• **The problem**: Lines that include "reale" make up the answer; copy all of them from the data below.

**** Given records

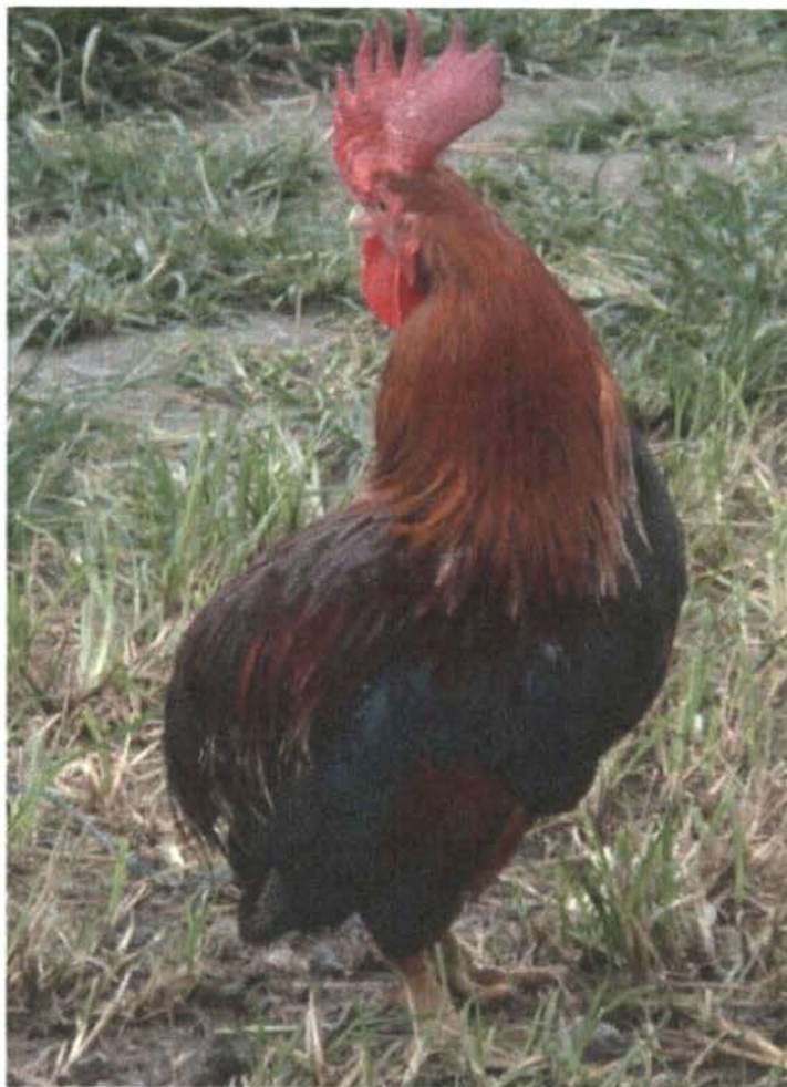
Figura 4: Gallus domesticus L. subespecie ecaudatus n.l. "tapuncha"
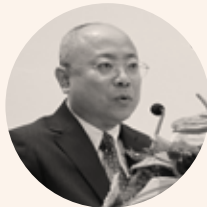
SHANGHAI Ausen-IDC International Design Center
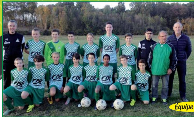
Équipe U 15
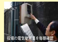
役場の電気使用量を毎朝確認

町内施設ではエネルギー使用量を毎月、役場3庁舎では電気使用量を毎日記録しています。記録した数値の変化を見ることにより、原因の究明や対策を迅速に行うことができます。また、職員一人ひとりの意識向上にもつながっています。
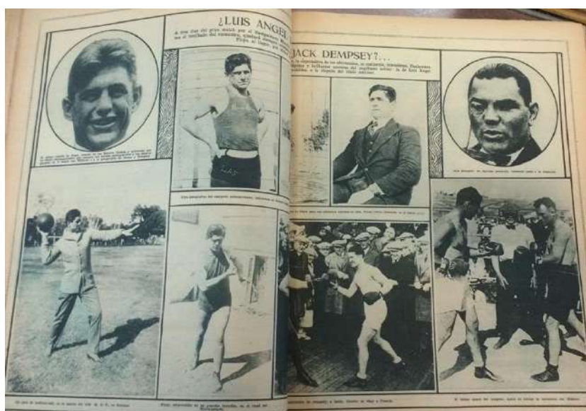
Imagen 2. Fray Mocho [Buenos Aires], set. 11, 1923: 594, Carlos Correa Luna

Otro de los aspectos analizados es la incesante intención de transmitir la vida del ídolo nacional en su estadía en los Estados Unidos. Había una necesidad por transmitirlo todo. Sus entrenamientos, descansos, salidas, paseos, comidas, visitas, compañías femeninas, amigos y también sus estados de ánimo. Todo debía ser informado, narrado, comentado y mostrado por la prensa escrita.
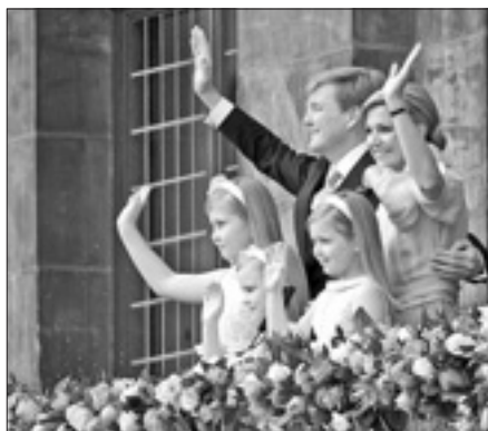
La famiglia reale saluta la folla ad Amsterdam

in favore di mio figlio Willem Alexander», si legge nell'atto firmato dalla ex sovrana dei Paesi Bassi e sottoscritto dai nuovi funzionari del re e da esponenti del Governo, compreso il primo ministro, Mark Rutte. L'incoronazione - trasmessa in diretta televisiva - ha visto la partecipazione di almeno venticinquemila persone riunite a piazza Dam, di fronte al Palazzo reale di Amsterdam, calarata di arancione.

********

• **Solved exercise**:
La famiglia reale saluta la folla ad Amsterdam
in favore di mio figlio Willem Alexander», si legge nell'atto firmato dalla ex sovrana dei Paesi Bassi e sottoscritto dai nuovi funzionari del re e da esponenti del Governo, compreso il primo ministro, Mark Rutte. L'incoronazione - trasmessa in diretta televisiva - ha visto la partecipazione di almeno venticinquemila persone riunite a piazza Dam, di fronte al Palazzo reale di Amsterdam, calarata di arancione.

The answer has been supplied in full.